If you could be of help I would be so grateful if you could get in contact with me on,



5:15 PM  
Anonymous Andy Logan said...

Hi David.

I thought I’d add a comment from a consumer’s perspective.

Clearly as a vigneron you operate a commercial enterprise and therefore your first priority is to ensure that your vines produce the wherewithal to make wine. No doubt your decision to farm organically was made with that fact in mind. I expect however that the decision to take the organic route was probably made more for perceived overall qualitative reasons.

I certainly agree with the sentiment behind Anonymous’s post that the fewer chemicals employed in the vineyard the better. I would personally prefer to drink wine made from grapes uncontaminated, as far as possible, by unpronounceable chemicals with unknown potential health implications, but I fear that, especially in financially straitened times, the bottom line for many consumers is price rather than principle (or, up to a point, even quality). Bearing in mind what you say about the need to apply organic fungicides frequently and their relative ineffectiveness, I imagine the necessary corollary is that wines from vineyards run on an organic basis will be correspondingly more expensive than their non-organic counterparts. Perhaps that is less important to a smaller volume producer (and I would hope that might long continue) but I fear that commercial reality might, unfortunately, ultimately prove to be the greatest obstacle to producers choosing the organic alternative.

Best wishes.


6:00 PM  
Anonymous Ales Svatos said...

Dear David
very interesting spray program. I know copper oxide, hydroxide and sulphur effects. But did not hear about other stuff like fenugreek flour used against odium. Could you tell me the reason of using it? There are some natural products in those effecting odium?
One comment. Many organic growers are preventing any chemicals in the spray scheme, but using large amounts of copper. This is highly phytotoxic metal and will stay in soil for ever. From this perspective not very beneficial for the soil and soil microorganisms.
I am making wine in Czech republic and also trying to find minimal chemical treatment in my vineyard. So more information will be nice.
Great web!
Yours Ales

3:10 PM  
Blogger David Clark said...

Hi Ales,

Sorry I have been very slow to reply. You have probably seen my 2011 spray program by now!
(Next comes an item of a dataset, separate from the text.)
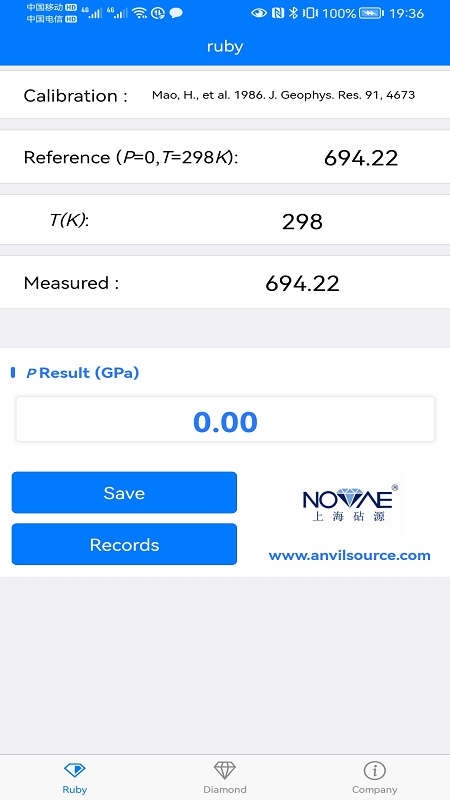 一款免费的压力计算软件,适用于金刚石对顶砧(DAC)的压力计算,包括常见的红宝石及金刚石为压标的压力计算。诚挚欢迎有需要的科研人员提供建议和意见完善相关公式、功能!

Anyway, the fenugreek flour is a commercial product in France (brand name Stifénia) which is authorized for use on oidium. It has apparently shown some effectiveness in trials, but I haven’t had much luck in our conditions and have stopped using it. However, milk based products do seem to have some effectiveness against oidium and I think you will find lots of information about that from the web.

I agree that Copper is far from an ideal fungicide, but I haven’t found anything I am more comfortable spraying to control mildew. I think the best anyone can do it is keep themselves informed of what is available and then make a personal decision based on their circumstances.

Good luck with your vineyard and do be in touch if you have more questions.